Naturalmente, estos tres fenómenos han incidido sobre el País Vasco, particularmente el segundo, ya que el proyecto de nación de los partidos nacionalistas se ha edificado sobre el sentimiento y la idea de una comunidad prepolítica que en su dimensión más radical implica una agresión, vedada por el Tratado de la UE, a dos Estados-Nación constituidos según principios universalistas consagrados en sus respectivas constituciones, que reconocen el dogma de la igualdad de todos los ciudadanos frente a leyes promulgadas según procedimientos reglados por el Derecho.

Jürgen Habermas recuerda que, tras 1871, Renan pudo rechazar las reclamaciones del Reich alemán sobre Alsacia invocando la nacionalidad francesa de la población, 'pero sólo pudo hacerlo porque entendió la nación como una nación de ciudadanos y no como una comunidad de descendencia' . Y sigue diciendo Habermas: 'La nación de ciudadanos encuentra su identidad no en rasgos comunes de tipo étnico-cultural, sino en la praxis de ciudadanos que ejercen activamente sus derechos democráticos de participación y comunicación' (Facticidad y validez. Editorial Trotta, página 622).
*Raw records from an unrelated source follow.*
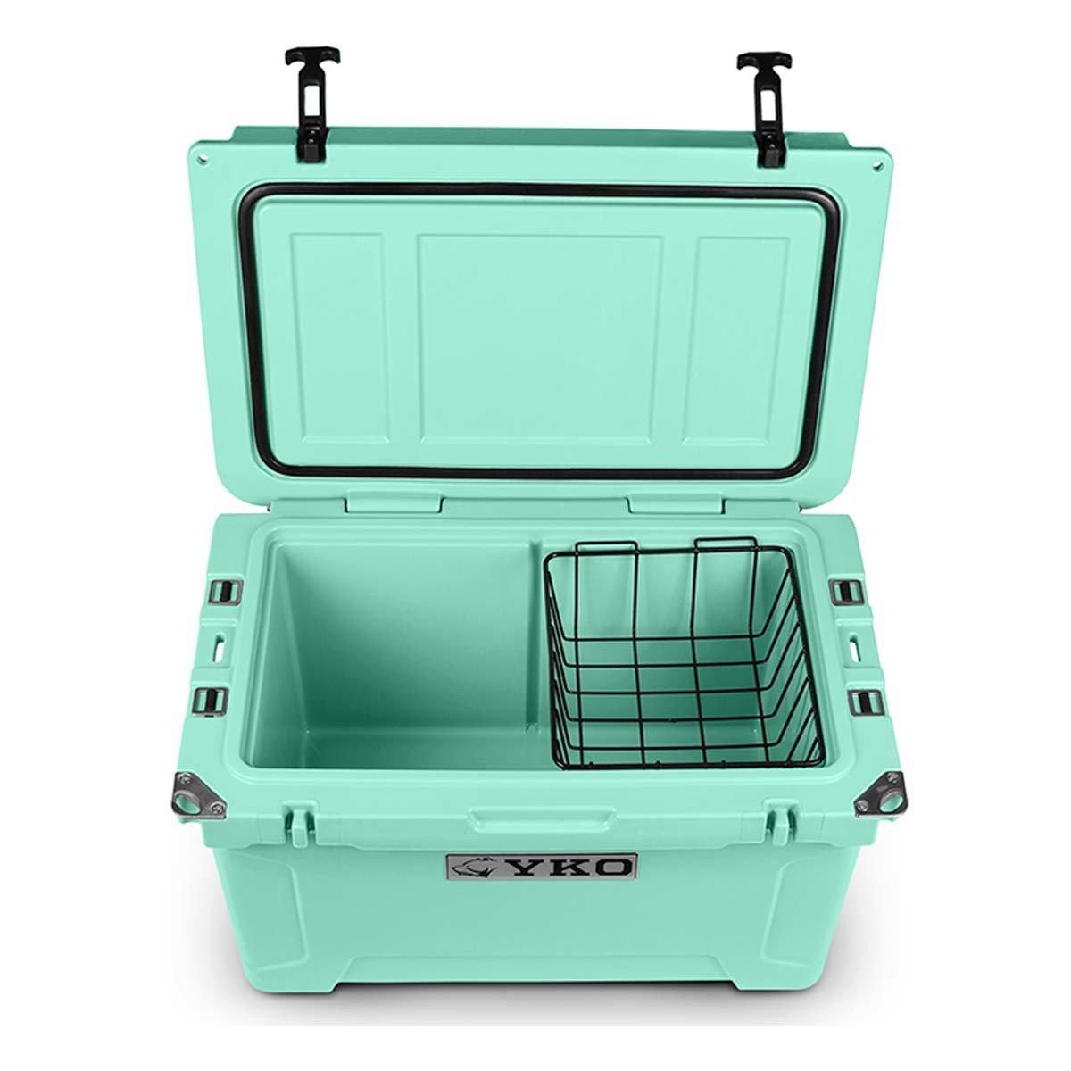 Featured with industrial-grade cryo-foam insulation, you can trust that the Yukon Outfitters 45QT Cooler will have plenty of space to keep your items cold. Whether you need a new cooler for a day on the lake or camping, the Yukon Outfitters 45QT Hard Cooler is an excellent option. As an added bonus, you have a basket so you can keep your dry goods away from the ice/water. Plus, this is a great option to use for a fishing cooler because it has a measuring ruler on the lid!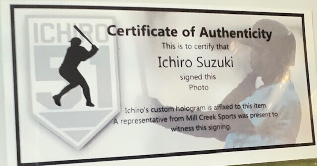 ミルクリーク証明書&イチロー直筆証明+公認ステッカー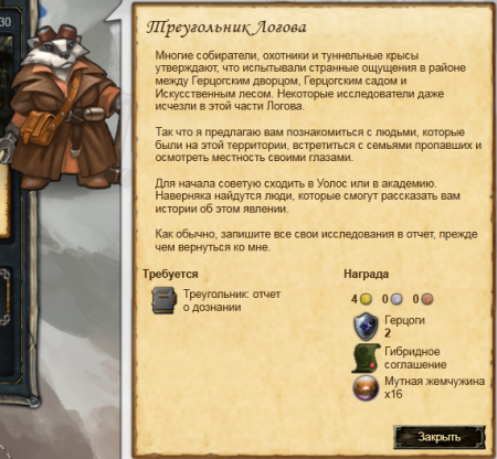 Этот квест является повторяемым. Предварительно требуется собрать рассказы, показания и наблюдения, которые добываются в различных местах Логова: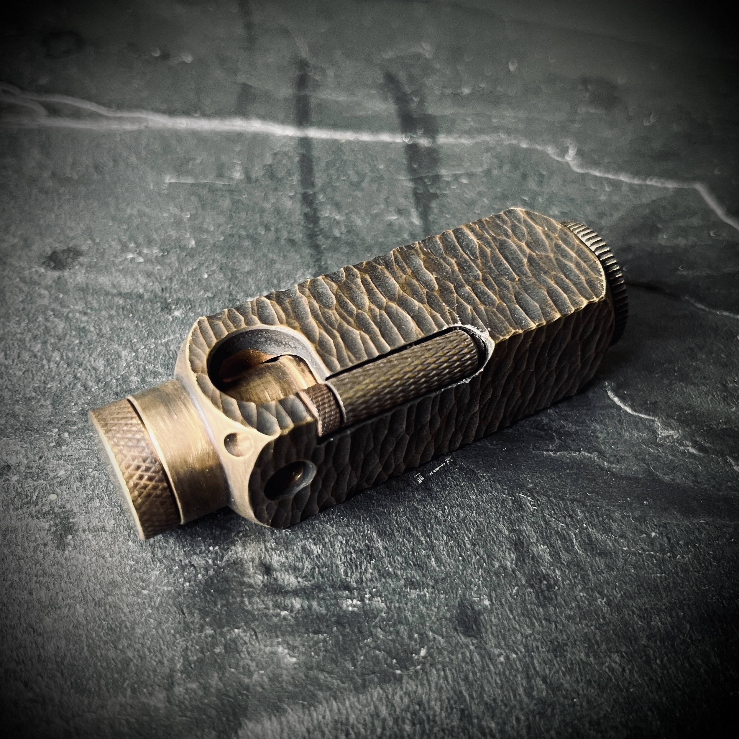 This distressed vintage-style brass trench lighter exudes a sense of bygone elegance, with its richly oxidized surface boasting a beautiful patina that tells the tale of years gone by. The hammered textured surface adds a tactile element to the piece, inviting the touch as the eye is drawn to its intricate details. As the light catches the oxidized patina, it reveals a depth and dimension that is simply captivating, making this piece a true standout in any collection. Its distressed finish only adds to its unique charm, imbuing it with a sense of history and character that is simply irresistible.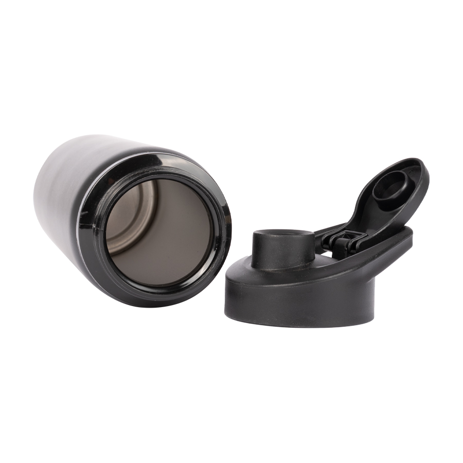 Botella de acero inoxidable SS201 exterior, SS304 interior y tapa rosca metálica. Doble pared térmica. Capacidad de 500 ml. Presentación en bolsa plástica dentro de caja de cartón negra. Acero Inoxidable SS201 exterior y SS304 interior.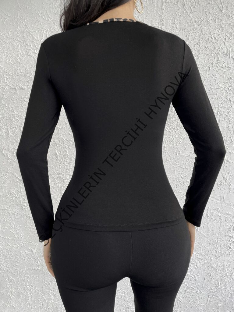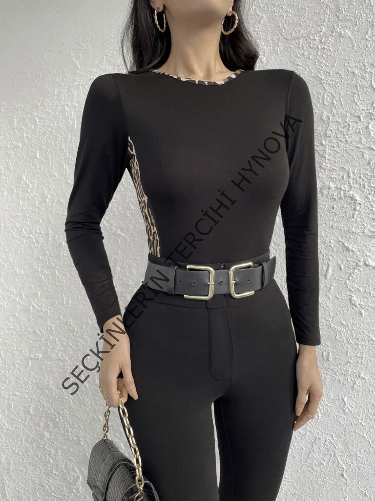 Kadın Uzun Kollu Leopar şeritli Viskon Bluz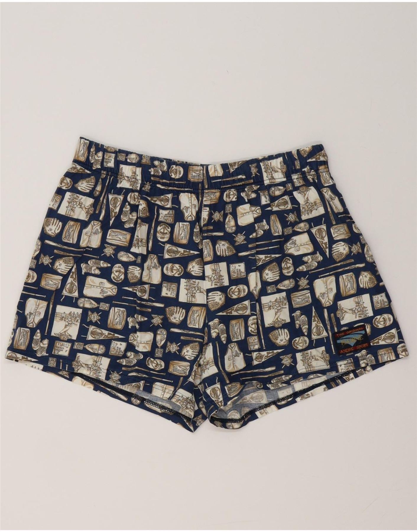 VINTAGE pantalones cortos de natación para hombre grande azul marino geométrico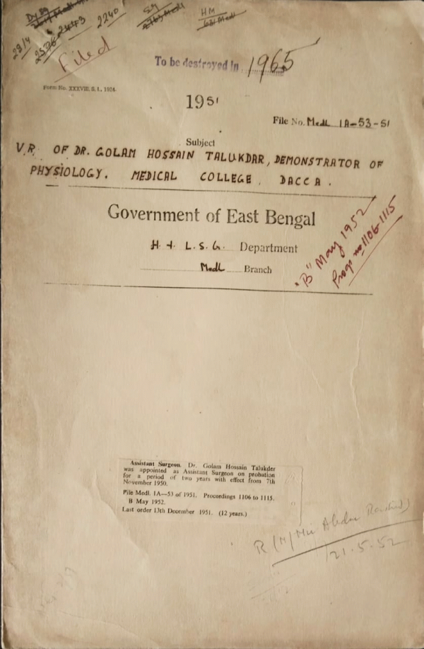 | Rack No. 9, Bundle No. 111, Sl No. 9186 Requirement of Publications by the Provincial government from Auditor general of Pakistan. | Rack No. 9, Bundle No. 111, Sl No. 9187 Submission of a fresh bill of Asadul Haque to A.G.E.B. for pre-audit. | Rack No. 9, Bundle No. 111, Sl No. 9188 Appointment of Dr. Syed Muzaffa Hasan in the E.P.M.S. (Upper). | Rack No. 9, Bundle No. 111, Sl No. 9189 V.R. of Dr. Golam Hassin talukdar, Demonstrator of Physiology medical college Dacca. | Rack No. 9, Bundle No. 111, Sl No. 9190 Regarding Sanction of one fifth of the pay for doing double duty during absence of ward master Aftabuddin Ahmed for P.N.G. Training. | Rack No. 9, Bundle No. 111, Sl No. 9191 Writing off of the unrealizable arrear Subscription ant to store off of the names of the Defaulting Subscribers of the Civil Hospital, Sylhet. | Rack No. 9, Bundle No. 111, Sl No. 9192 Appointment of a committee for secreting of tenders and selection of contractors for supply of dietary articles to the state Hospital. |
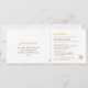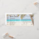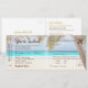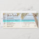 Una plantilla de invitación de boda con boleto de avión y pase de abordar sobre una foto de fondo de una palmera y una playa de arena con una tarjeta de RSVP incorporada que los invitados pueden cortar y enviar por correo con su respuesta. Hay espacio en el reverso para información opcional de agente de viajes y alojamiento de hotel, y el sitio web de la boda, de modo que toda la información que los invitados necesitan esté junta en una invitación de boda de destino de playa simple pero única.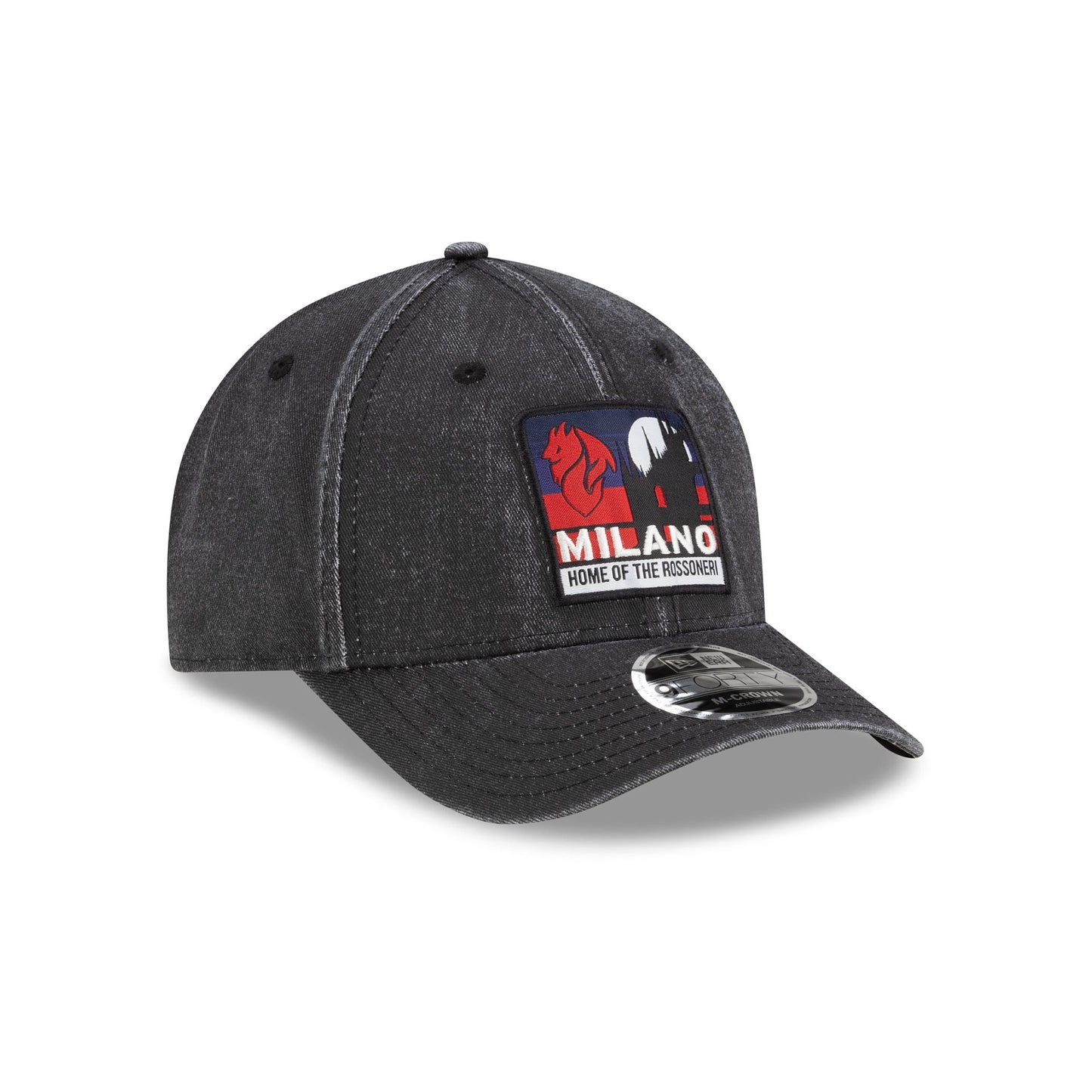 The AC Milan City Pack 9FORTY M-Crown Snapback features an embroidered AC Milan Milano graphic patch at the front panel with a team tag on an adjustable snapback closure at the rear.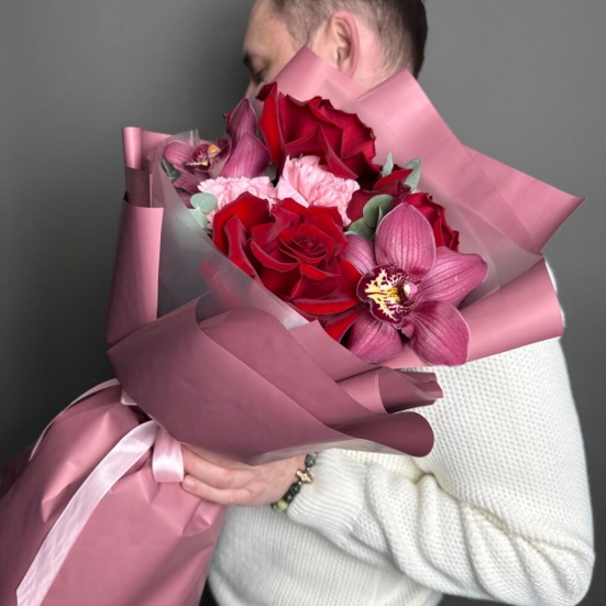 Букет из 3 красных роз, орхидей и диантуса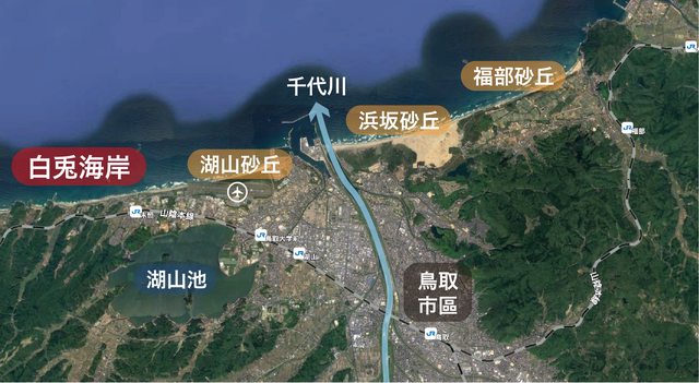 丘」的最西邊,擁有綿延的靜謐海灘,以及神話的加持,成為鳥取重要的觀光景點。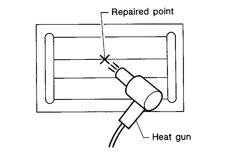 Apply a constant stream of hot air directly to the repaired area for approximately 20 minutes with a heat gun. A minimum distance of 3 cm (1.2 in) should be kept between repaired area and hot air outlet.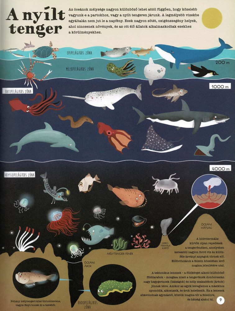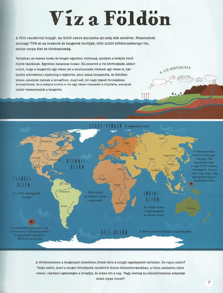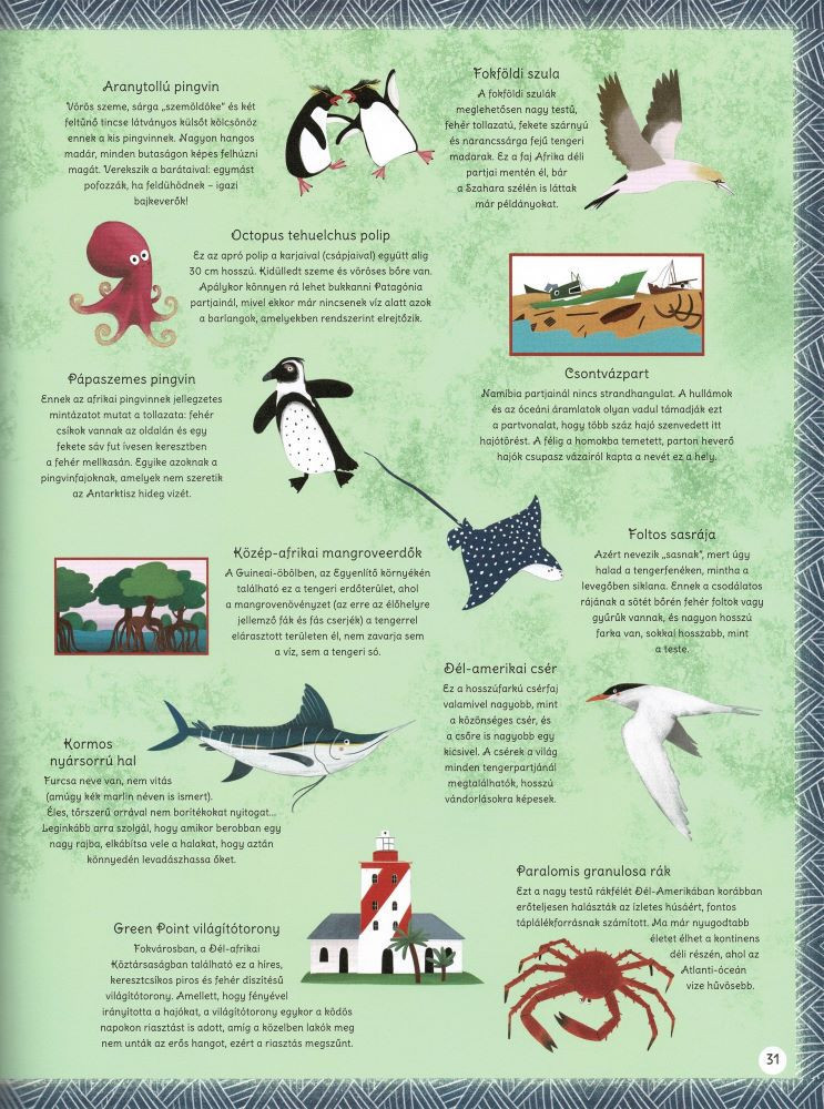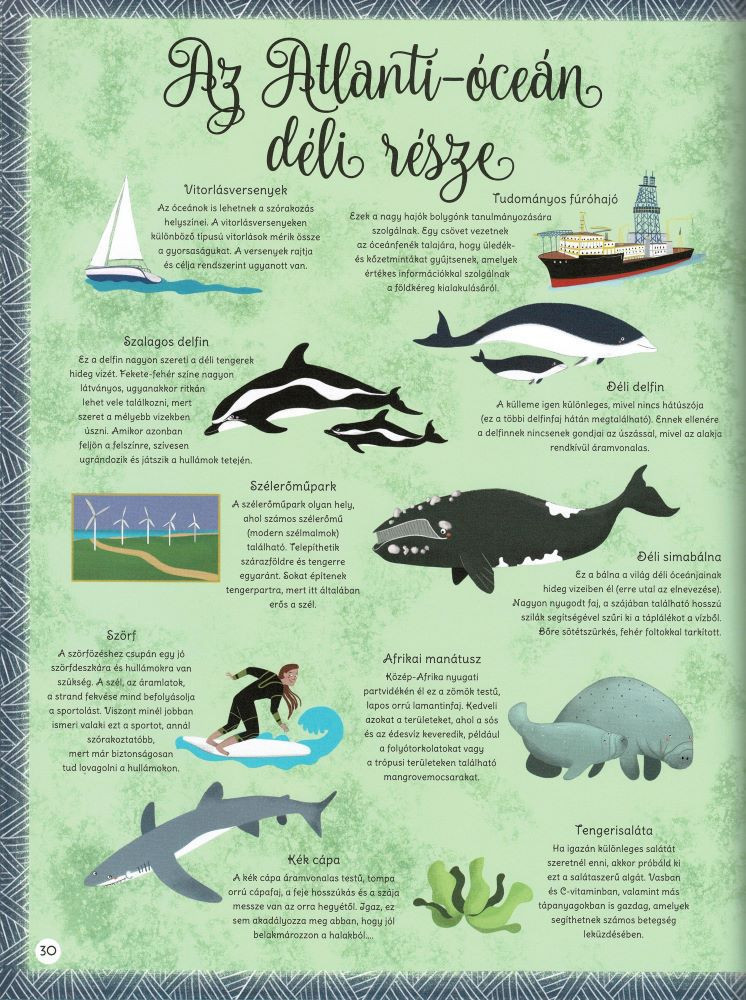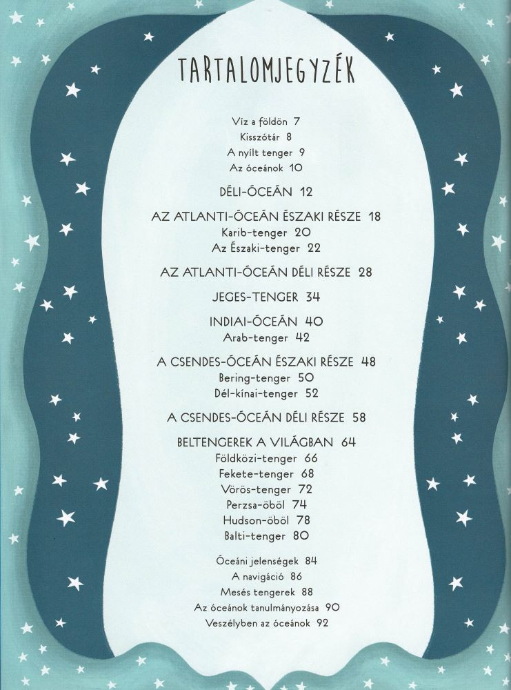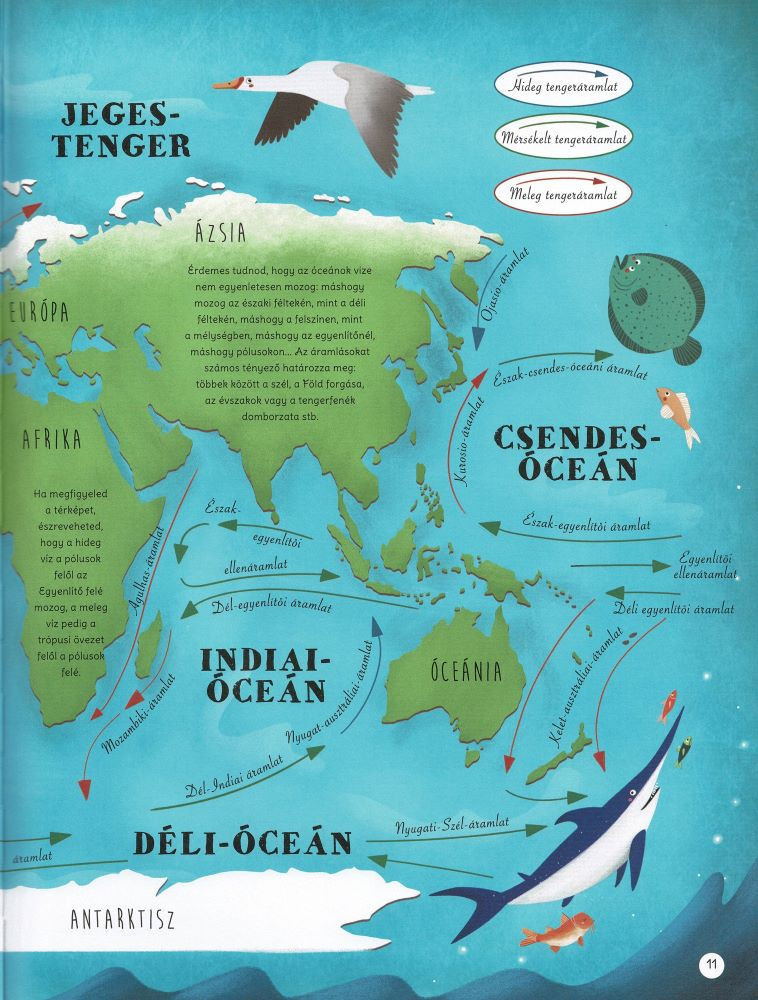 Nézd csak, mi minden él a tengerekben és az óceánokban! Utazásra hívunk a könyv lapjain az Északi-sarktól a meleg tengereken át, egészen a Déli-óceánig. Állatok, növények, természeti jelenségek, emberek és alkotásaik elevenednek meg. Térképek, rajzok és ismertetők segítségével megismerheted rendkívül sokszínű világunk környezetét, és megtudhatod azt is, miért olyan fontos megvédeni a tengerek élővilágát a jövő emberiségének.

Obviando, por imperativo de brevedad, la fértil distinción entre la interpretación liberal del concepto de ciudadanía activa y la republicana, el punto común de ambas, me parece que consiste en que en las sociedades multiculturales no es necesario apoyarse en procedencias u orígenes étnicos o lingüísticos para que puedan echar raíces los principios constitucionales. Es cuando Habermas dice que 'una cultura política liberal sólo constituye el denominador común de (o el medio cívico-político compartido en que se sostiene) un patriotismo de la Constitución que simultáneamente agudiza el sentido para la pluralidad e integridad de las diversas formas de vida que conviven en una sociedad multicultural' (obra citada, página 628).

Este concepto de patriotismo constitucional está construido por Habermas no sólo desde la experiencia histórica alemana, sino también desde la observación de sociedades históricamente multiculturales como Suiza o Estados Unidos, cuya aplicación a otras situaciones me parece fértil y esclarecedora. Por ejemplo, a esta España actualmente constitucional de las comunidades autónomas y con la amenaza de desbordamiento irredentista negador de la propia Constitución. Pero también el concepto me parece apropiado para describir otras situaciones históricas que enfrentaron a los que pretendían ser ciudadanos libres e iguales en una sociedad moderna con los ultramontanos fundamentalistas mantenedores de las más retrógadas tradiciones.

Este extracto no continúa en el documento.